The function returns a dictionary with several useful objects:

In [4]:
# Access the individual components
scatter_plot = result["scatter"]
metadata_table = result["metadata_table"]
merged_data = result["merged_data"]
container = result["container"]

print(f"Merged data shape: {merged_data.shape}")
print(f"Available columns: {list(merged_data.columns)}")

Merged data shape: (1000, 10)
Available columns: ['cCRE', 'expression_level', 'tissue_type', 'accessibility_score', 'cell_line', 'rDHS', 'chrom', 'start', 'end', 'class']

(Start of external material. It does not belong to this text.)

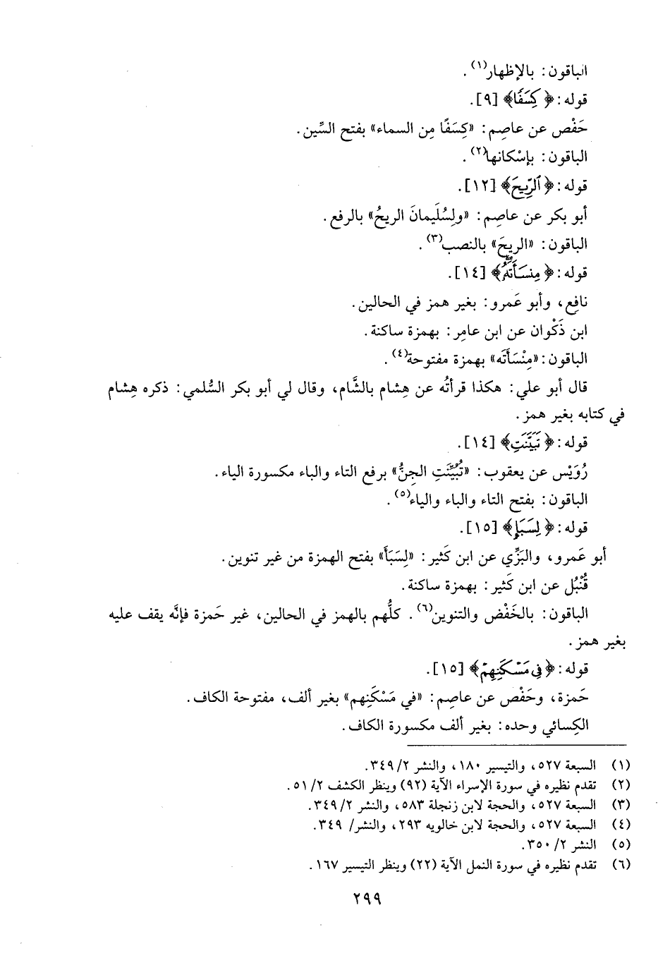 (4) السبعة 527، والحجة لابن خالويه 293، والنشر/ 349.

## Manual Selection Update

You can also manually update the metadata table to show specific points:

In [7]:
# Example: Show metadata for the first 10 points
update_callback = result["update_metadata_callback"]
update_callback(selected_indices=list(range(100)))

## Using Different Join Columns

You can also use a different column for joining the datasets:

In [None]:
# Create datasets with a different join column
x_alt = x.copy()
y_alt = y.copy()
metadata_alt = metadata.copy()

# Add a custom join column
custom_ids = [f"custom_{i}" for i in range(n_points)]
x_alt["custom_id"] = custom_ids
y_alt["custom_id"] = custom_ids
metadata_alt["custom_id"] = custom_ids

# Create plot with custom join column
result_custom = plot_ccres(
    x=x_alt,
    y=y_alt,
    metadata=metadata_alt,
    join_column="custom_id",  # Custom join column
    x_name="Expression (Custom)",
    y_name="Accessibility (Custom)",
)

Data ranges: x=[1.18, 85.69], y=[0.40, 161.80]
Shared axis range: [-7.67, 169.87]
Connecting to scatter.widget.selection trait


VBox(children=(HTML(value='<h3>cCRE Scatter Plot: Expression (Custom) vs Accessibility (Custom)</h3>'), HBox(c…